Diane Keaton and Brendan Gleeson give admirable performances in this Hampstead based romcom, where nothing sticks or is seen through.

Eastern Daily Press: Lesley Manville as Fiona and Diane Keaton as Emily Walters in Hampstead. Picture: Nick Wall/Entertainment OneLesley Manville as Fiona and Diane Keaton as Emily Walters in Hampstead. Picture: Nick Wall/Entertainment One (Image: Archant)

Hampstead (12A)

**

Notting Hill had one, so why wouldn't there be a romcom set in the north London leafy and luvvie suburb of Hampstead about an American lady hooking up with a Brit a little beneath her in the social standings?

This one isn't nearly as good as that one. It is at least true to its NW3 postcode however. What else could a film called Hampstead be about but property prices?

Donald (Brendan Gleeson) is a wild man who lives in a shack on Hampstead Heath. Emily (Diane Keaton) is a widow living in a desirable Heath side flat, whose husband's death has left her financially strapped and wondering if she will be able to afford to go on living there, as well as being a little lost as to how to fill her days.

In most any other part of London some kind of paid employment would be an obvious two-birds one-stone solution but she decides on a good deed – protecting Donald from the developers who want to evict him and build unaffordable housing on the site.

The film's opening credits run over a shot of a kid flying a kite on the Heath. The letters appear on screen and then flutter away like leaves on the breeze. It's very appropriate for a film in which nothing sticks or is seen through.
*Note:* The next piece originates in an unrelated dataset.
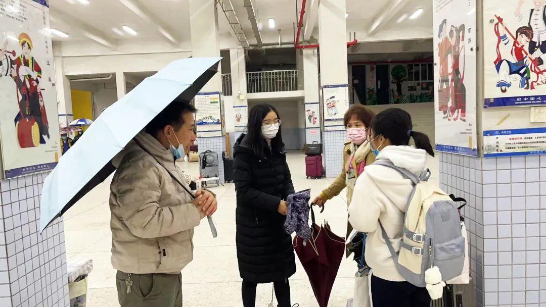 今日深圳,寒冷橙色预警高挂,寒风吹,冻雨落,可平湖中心学校的老师们早已无暇顾及那淋湿的头发与浸湿的鞋袜,他们只想把书包尽早、完好的交给每位家长。站在校门前的老师们,用最暖心的微笑迎接着久未见面的家长和孩子。

In the editing suite they decided that they should just concentrate on the only elements in the film that actually work – the two stars.

If you tend to find Diane Keaton annoying then you will here too, but I enjoyed her Annie-Hall-in-later-life persona. Her scenes with Gleeson have a spark.

Given the role he plays, Gleeson is magnificent. You don't judge actors by the good roles but by the stinkers and he gives life and dignity to dialogue that should have been left on the morgue slab.

They can't save it though because there's nothing here. It's painfully British: it gives you the etiquette of romance in the place where the passion should be.